13.3 This Agreement, and any and all exhibits and schedules attached hereto, all of which are incorporated herein by this reference, constitutes the entire and final agreement among the parties with respect to the subject matter hereof, and any and all prior or contemporaneous discussions, agreements, representations or warranties are null and void. There are no agreements, understandings, warranties or representations among the parties except as set forth herein.

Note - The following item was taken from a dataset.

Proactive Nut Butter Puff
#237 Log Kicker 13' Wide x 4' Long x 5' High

This Agreement shall be binding upon and shall inure to the benefit of the parties hereto, their successors and permitted assignees.
13.4 YOU agree to comply fully with all applicable laws, regulations, ordinances and rules governing its use of the 366 DEGREES® Service Software Application, including all relevant export laws and regulations of the United States and other applicable export and import laws to assure that neither the 366 DEGREES® Service Software Application, nor any derivative product thereof, are exported, directly or indirectly, in violation of applicable laws.

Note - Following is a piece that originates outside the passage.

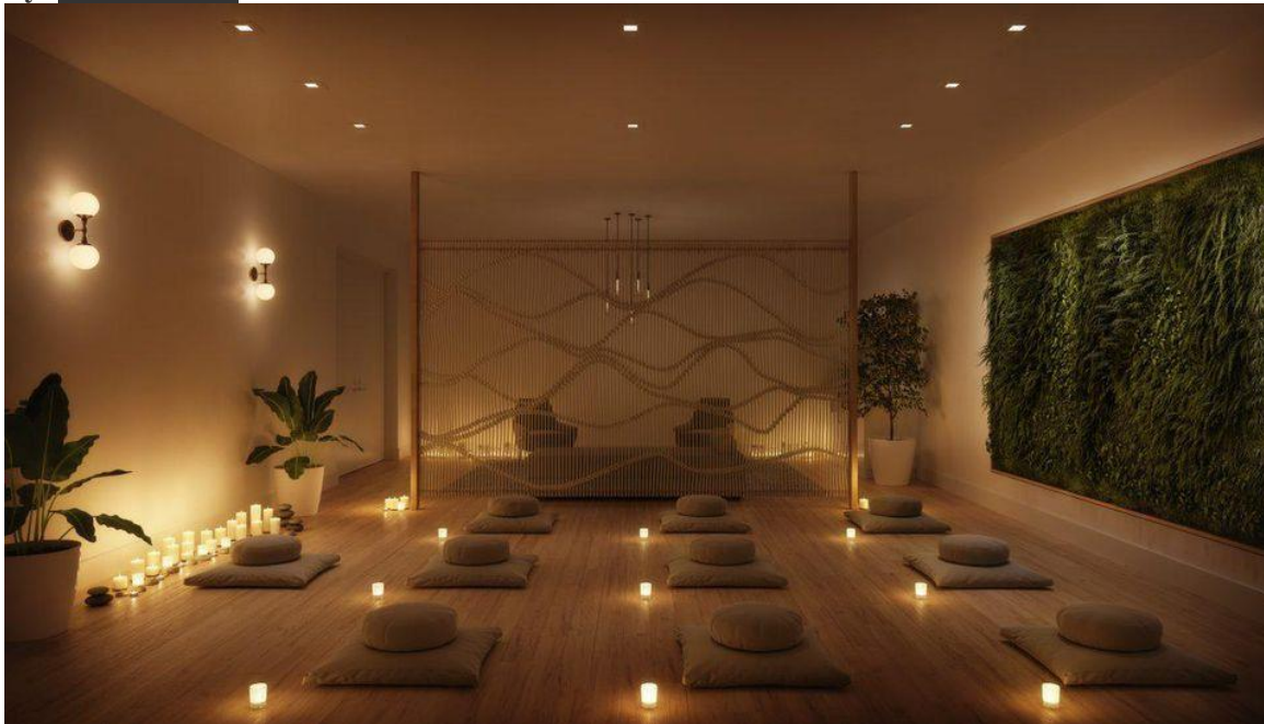
Both adults and kids can use the MNDFL-designed meditation room at Gramercy Square on East 19th Street. vuv

With gyms and screening rooms becoming as standard as stainless steel appliances and marble bathrooms in luxury residences, Manhattan developers are thinking bigger when it comes to building amenities.

13.5 This Agreement is made under and shall be governed by and construed in accordance with the laws of the State of Georgia, as a contract made and performed therein with venue and all jurisdictions, including personal and subject matter jurisdiction, being specifically designated as the Superior Court of Forsyth County, Georgia.
13.6 All headings contained in this Agreement are for reference purposes only and are not intended to affect in any way the meaning or interpretation of this Agreement.

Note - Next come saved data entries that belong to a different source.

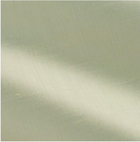
SARI - RAW SILK - PIERRE FREY The full range of colors is available
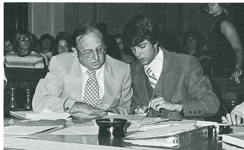
The two Counselors Confer.
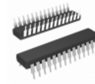
PIC24FJ64GA002-I/SP Micrel / Microchip Technology IC MCU 16BIT 64KB FLASH 28SDIP
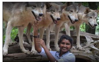
Seacrest Wolf Preserve, Chipley
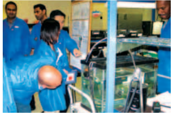
Analysts watching a staff member conduct a stringent water submerging test of a ruggedised computer at VT Miltope in Montgomery, Alabama.
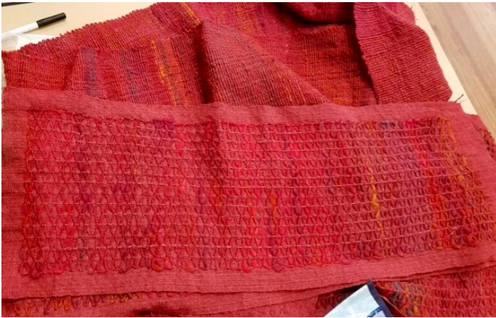
Sandi's fabric from an old canelle pattern
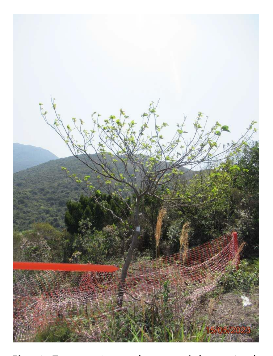
Photo 1 – Tree protection zone for preserved plant species of conservation importance
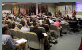
Asia-Pacific Orientation Course (APOC19-1) July 15 - 19
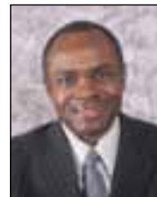
Caesar Robinson Youth Ministries, Pathfinders & National Service Organization

13.7 YOU represent and warrant that the execution, delivery and performance by YOU of and under this Agreement does not and will not constitute a violation or breach of any agreement or law by which YOU are bound.
13.8 This Agreement may be executed in two or more counterparts, and each counterpart shall be deemed an original.
13.9 BINDING ARBITRATION. Any controversy or claim arising out of or relating to this contract, or the breach thereof, shall be settled by arbitration administered by the American Arbitration Association in accordance with its Commercial Arbitration Rules, and judgment on the award rendered by the arbitrator(s) may be entered in any court having jurisdiction thereof.
13.10 The pronouns used herein shall include, where appropriate, either gender or both, singular and plural. The word “including” when used in this Agreement shall be deemed to mean “including, but not limited to”. YOU agree and acknowledge that YOU have the opportunity to be represented by legal counsel in the review of this Agreement and, therefore, by signing this agreement YOU attest that the terms of this Agreement were negotiated with 366 “at arm’s length.” Therefore, this Agreement shall not be more strictly construed against either party by reason of the fact that one party may have drafted this Agreement.
13.11 This Agreement shall not be effective until executed and delivered by YOU and 366. This Agreement shall not be modified, changed, altered or amended in any way except through a written amendment duly executed on behalf of YOU and 366.
13.12 No waiver of any breach of any provision of this Agreement shall constitute a waiver of any prior, concurrent or subsequent breach of the same provision or any other provision, and no waiver shall be effective unless made in writing and signed by a duly authorized representative of the party waiving that breach.